───── Exercise materials

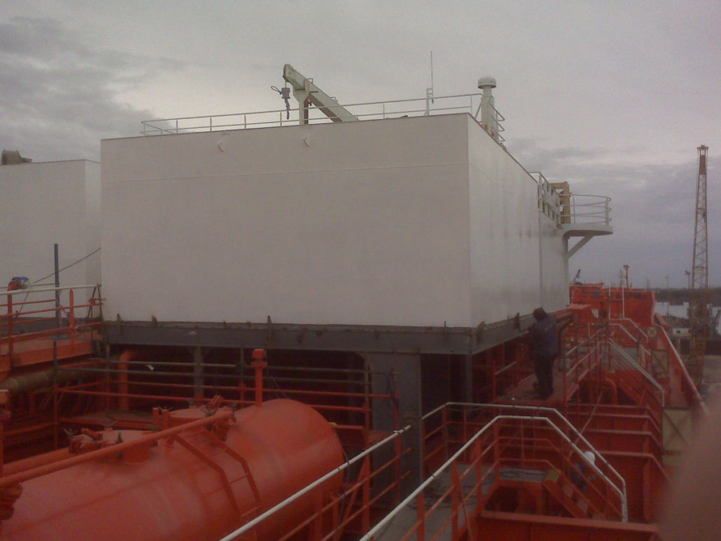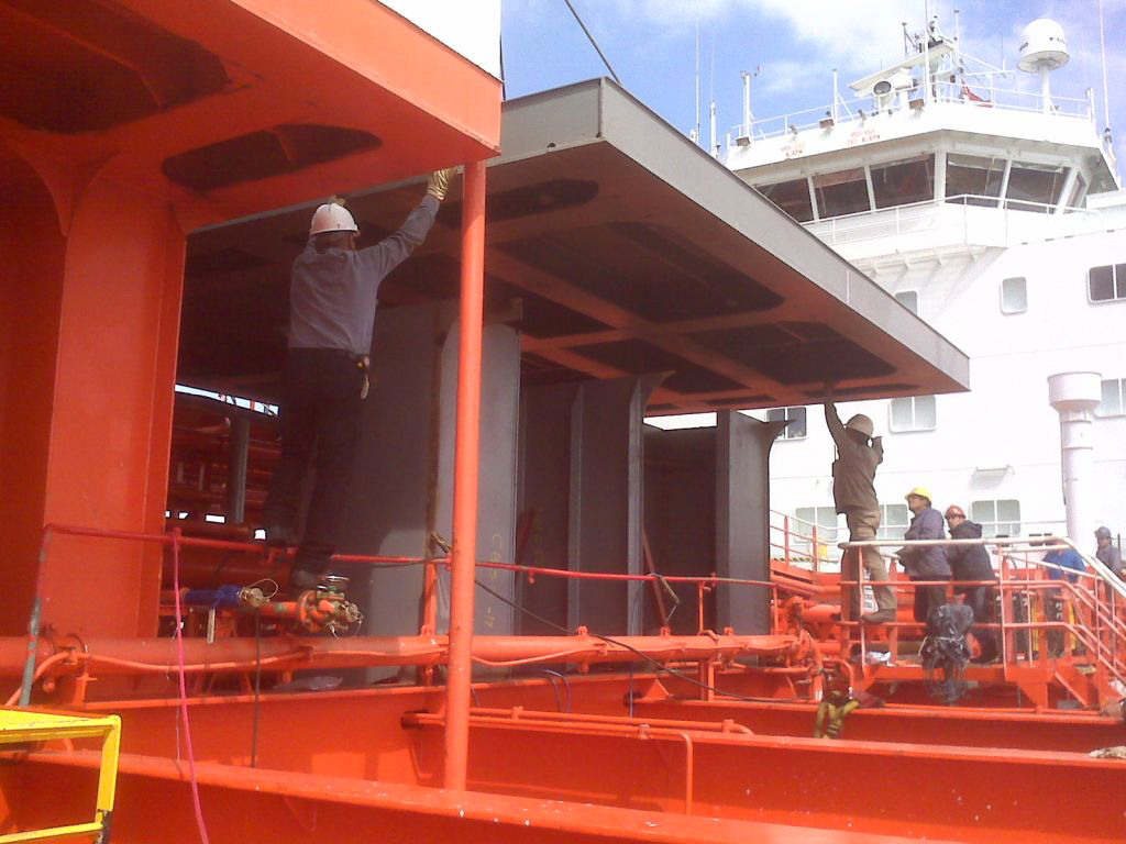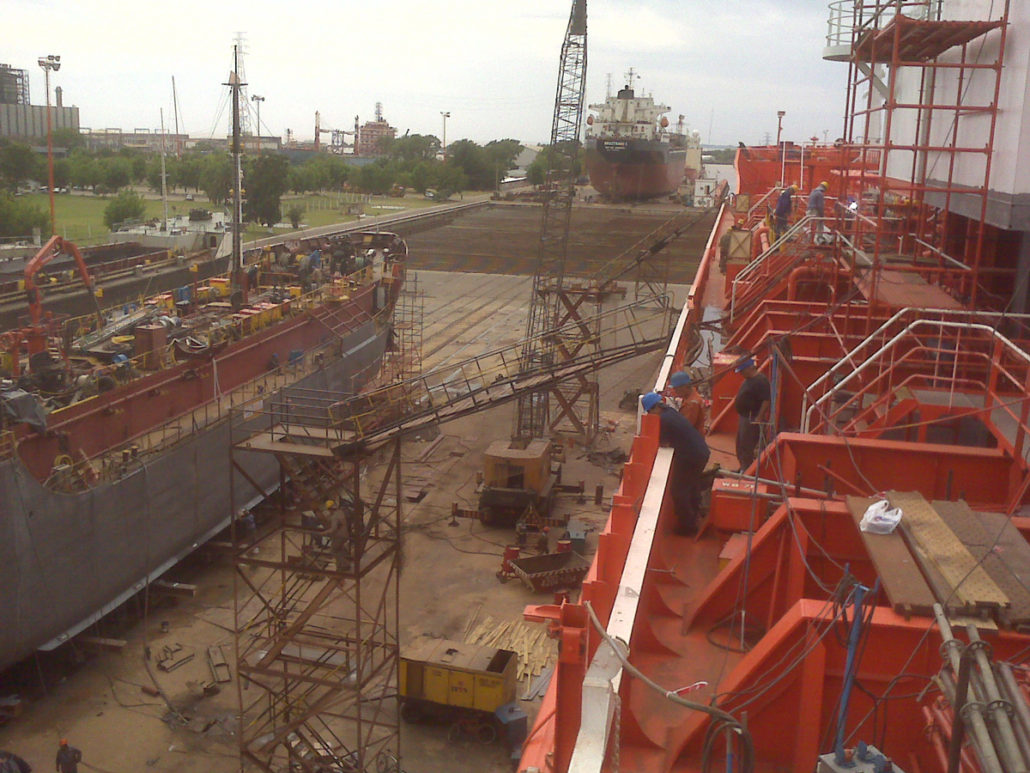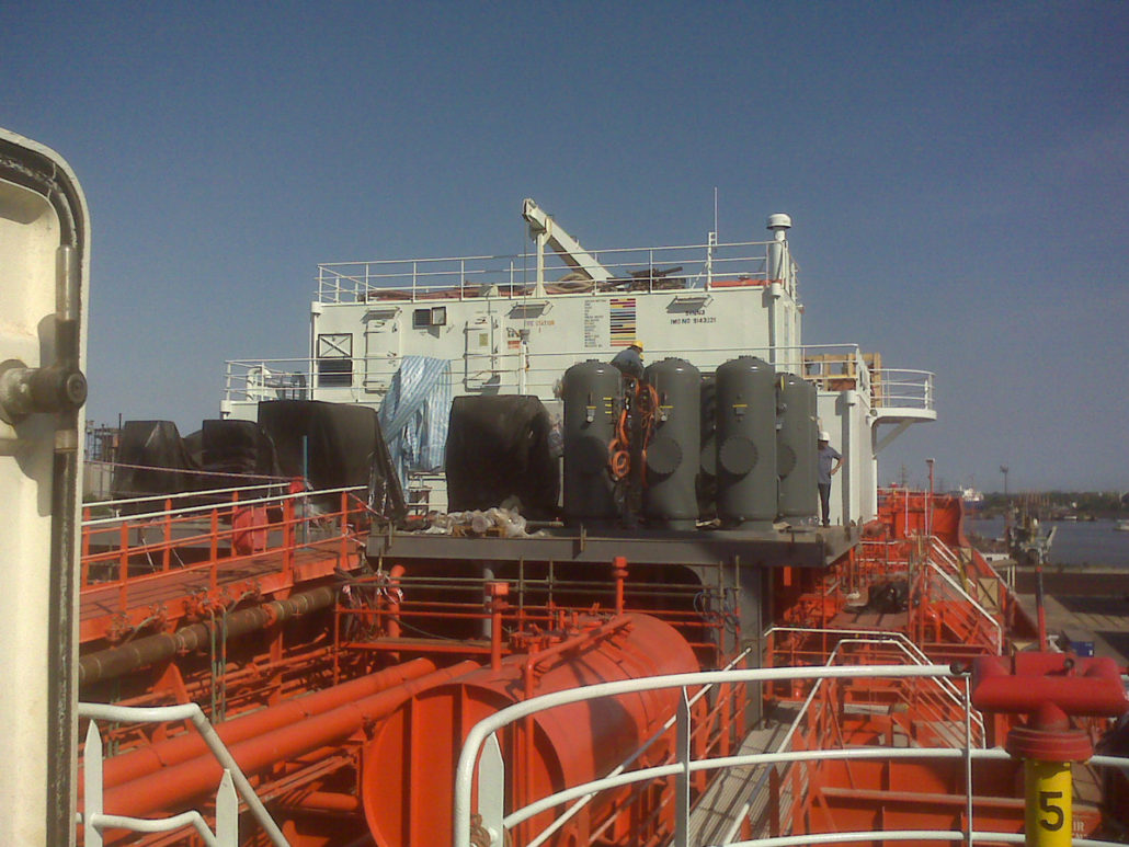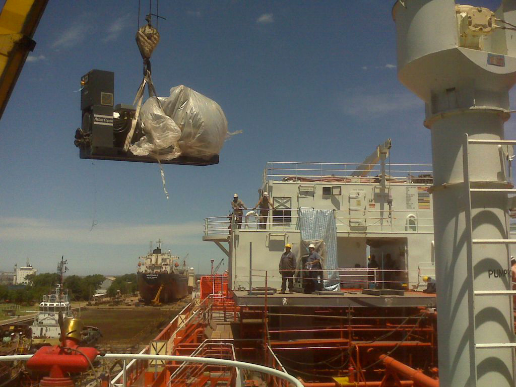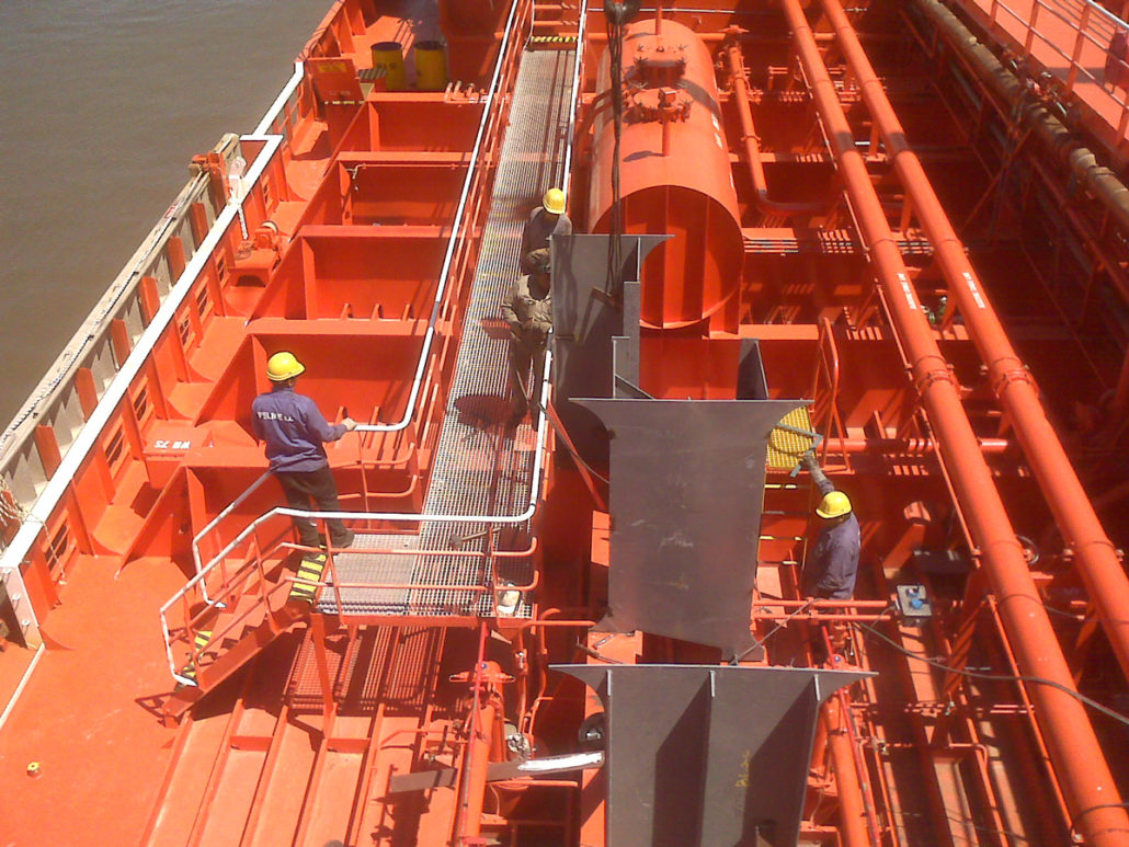 Montaje de planta de gas inerte para limpieza de cañerías en buques químicos. Mecanizados de ejes de timón. Reparación de mecanismos en diversos buques.
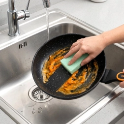 Povrch se stone-efektem zabraňuje připékání a umožňuje vařit s minimem tuku, přičemž čištění je otázkou chvilky.
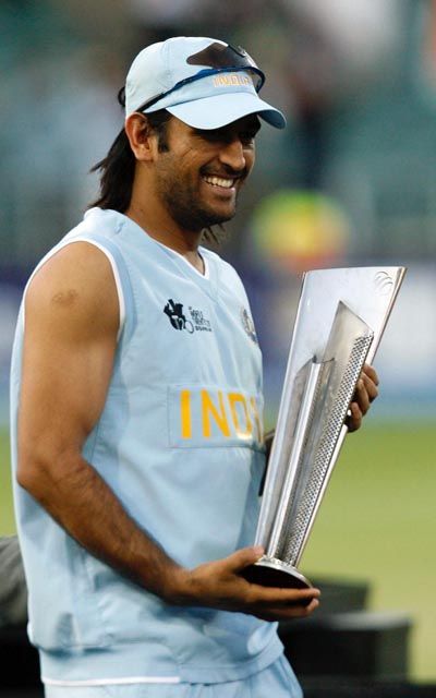 India s captain Mahendra Dhoni holds the ICC World Twenty20 trophy after his team defeated Pakistan in the final cricket match in Johannesburg September 24, 2007.
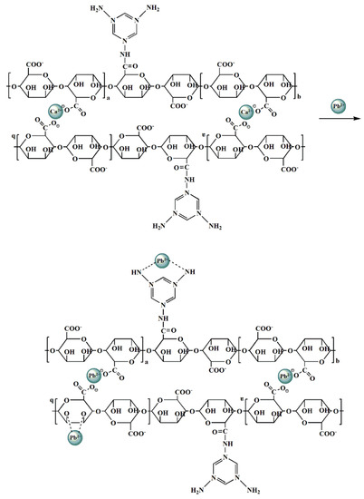 Possible binding mechanisms of Alg-Mel with Pb2+.
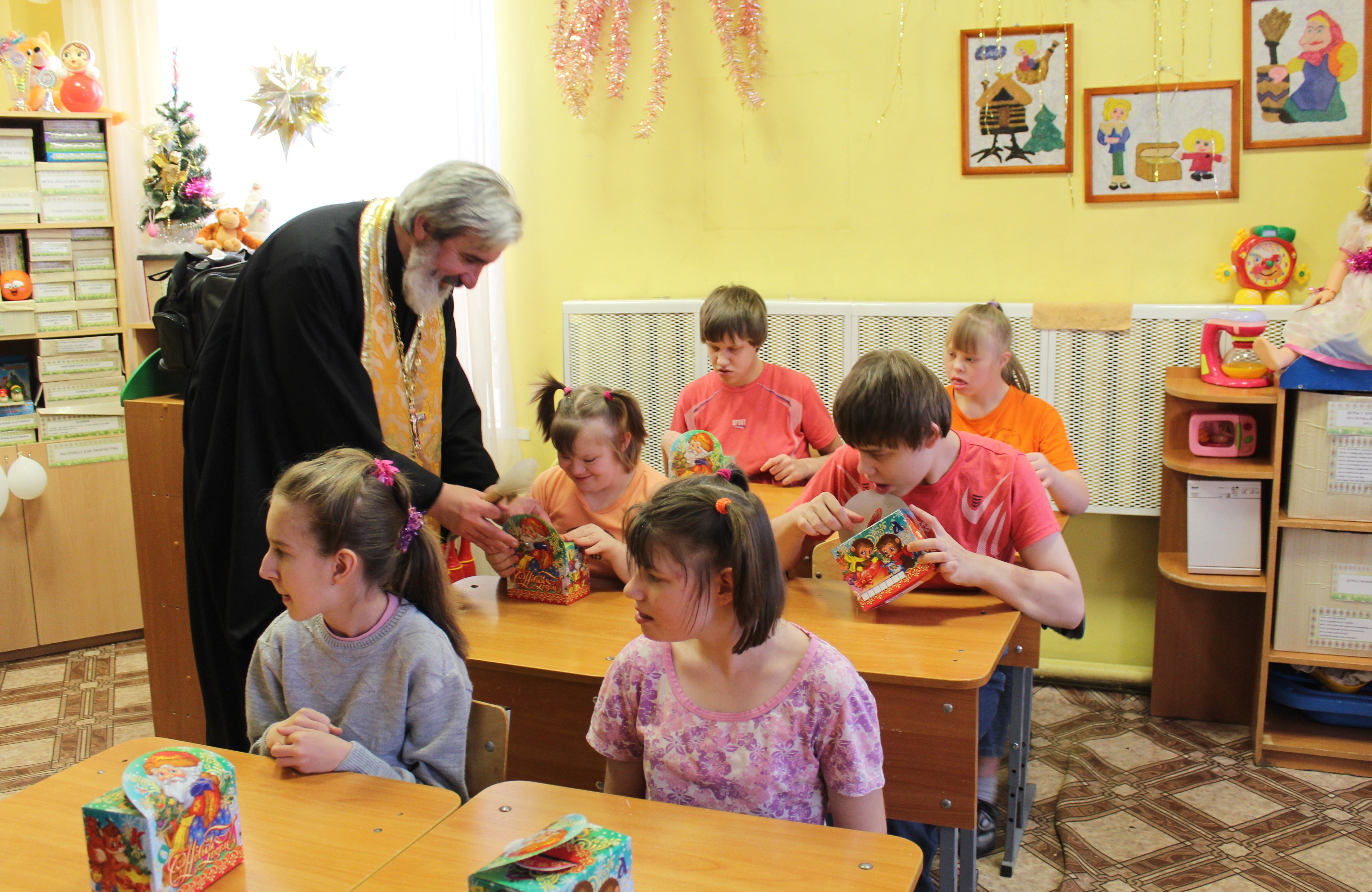 8-го января настоятель и клирики храма св. прав. Иоанна Кронштадтского посетили Дом-интернат для детей с отклонениями в умственном развитии № 2 в Петродворце и поздравили с Рождеством Христовым его воспитанников.
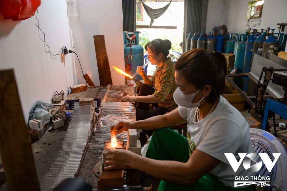 Dưới thời tiết nắng nóng của mùa hè, xưởng thổi thủy tinh của chị Tạ Thị Ngà ở xã Thống Nhất, huyện Thường Tín (Hà Nội) vẫn đỏ lửa. Ảnh: vovgiaothong.vn |
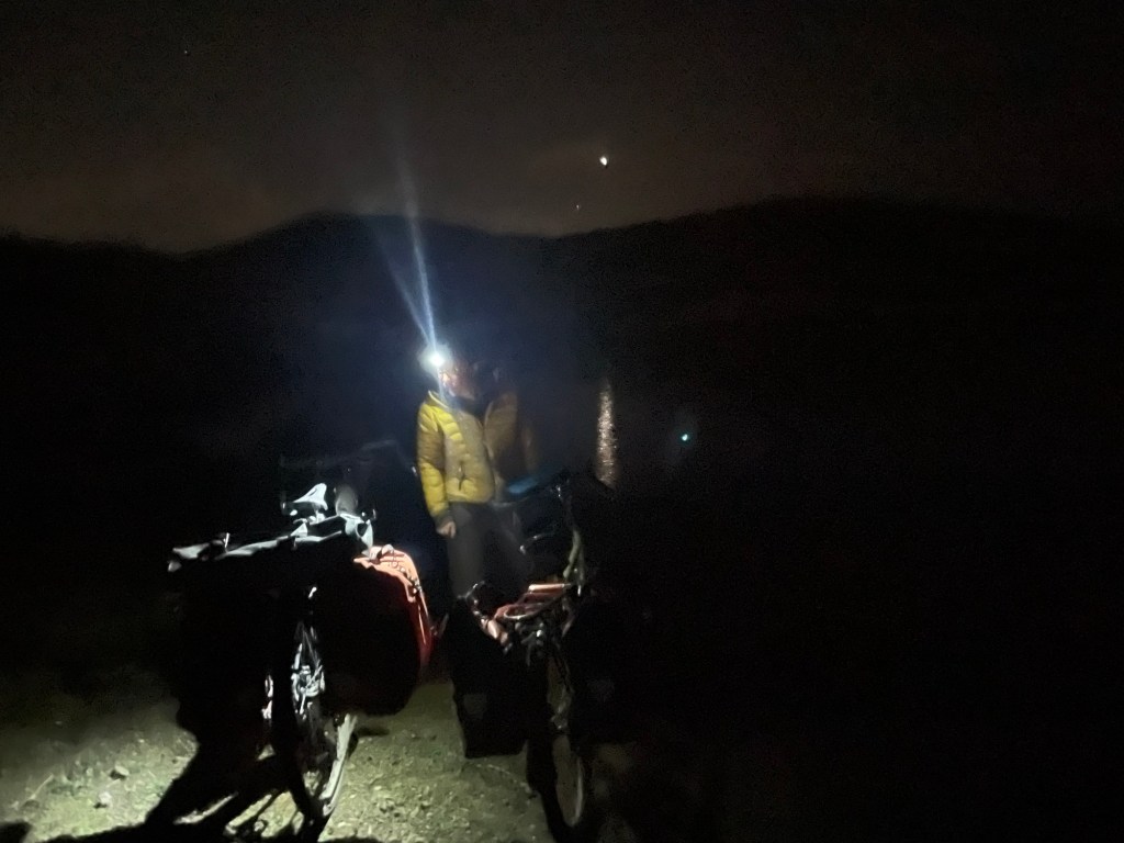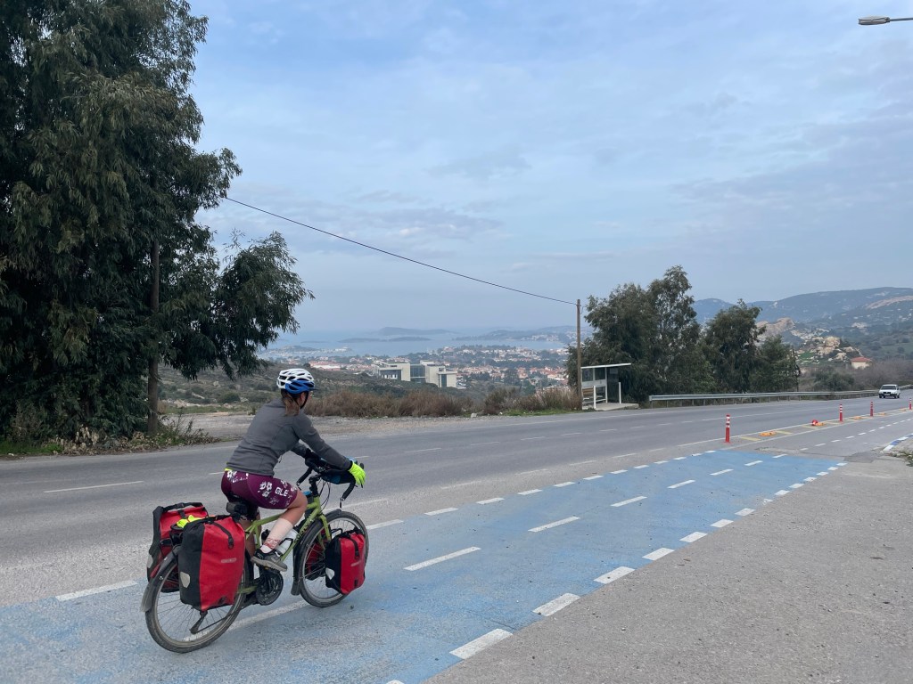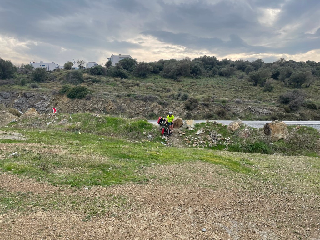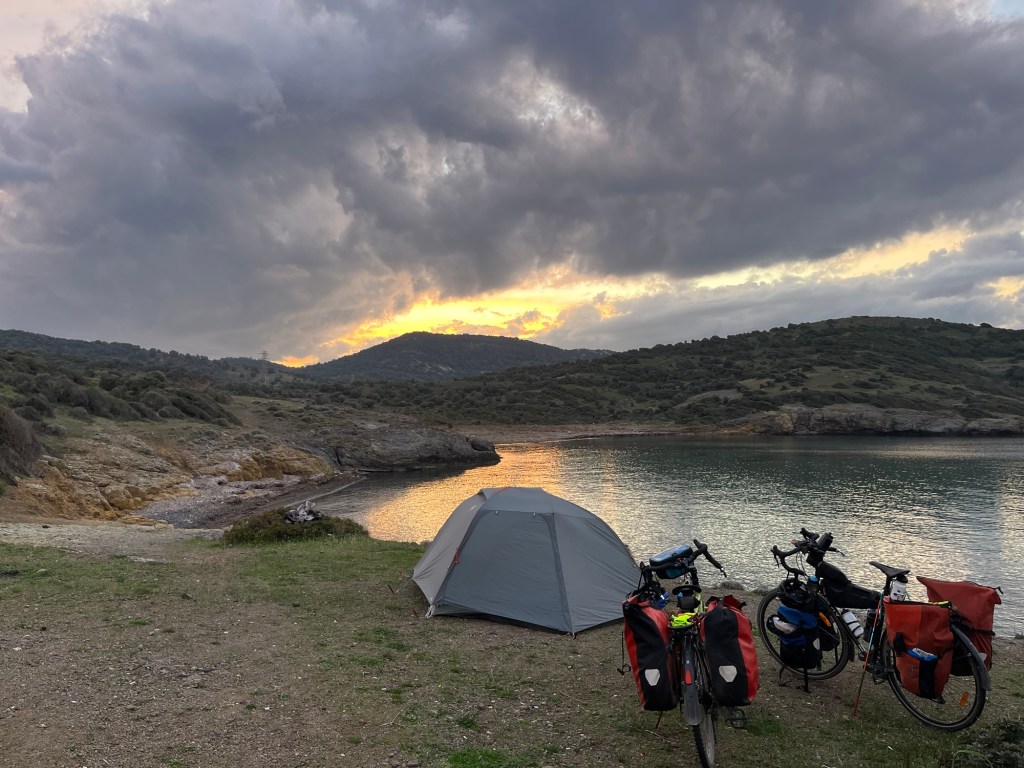 We pushed our bikes up and down the rocky tracks as far as we dared to find a flattish area for the tent. It was just above a beautiful cove in the bay. It was a far cry from the day before, and even though we’d only covered 33km we didn’t care. The stove was duly lit and we boiled some lentils, we’d been carrying them since Crete, and ate them with plentiful bread and salad. Afterwards we made tea, deliberated on the best site for the tent, grassy but knobbly or flat and rocky (we chose the latter), and sat outside as darkness fell.

──────────

→ **Brief**
Each line of the listing above must be given again exactly; the pictures are to be left out.

→ **Answer to the exercise**
 Montaje de planta de gas inerte para limpieza de cañerías en buques químicos. Mecanizados de ejes de timón. Reparación de mecanismos en diversos buques.
 Povrch se stone-efektem zabraňuje připékání a umožňuje vařit s minimem tuku, přičemž čištění je otázkou chvilky.
 India s captain Mahendra Dhoni holds the ICC World Twenty20 trophy after his team defeated Pakistan in the final cricket match in Johannesburg September 24, 2007.
 Possible binding mechanisms of Alg-Mel with Pb2+.
 8-го января настоятель и клирики храма св. прав. Иоанна Кронштадтского посетили Дом-интернат для детей с отклонениями в умственном развитии № 2 в Петродворце и поздравили с Рождеством Христовым его воспитанников.
 Dưới thời tiết nắng nóng của mùa hè, xưởng thổi thủy tinh của chị Tạ Thị Ngà ở xã Thống Nhất, huyện Thường Tín (Hà Nội) vẫn đỏ lửa. Ảnh: vovgiaothong.vn |
 We pushed our bikes up and down the rocky tracks as far as we dared to find a flattish area for the tent. It was just above a beautiful cove in the bay. It was a far cry from the day before, and even though we’d only covered 33km we didn’t care. The stove was duly lit and we boiled some lentils, we’d been carrying them since Crete, and ate them with plentiful bread and salad. Afterwards we made tea, deliberated on the best site for the tent, grassy but knobbly or flat and rocky (we chose the latter), and sat outside as darkness fell.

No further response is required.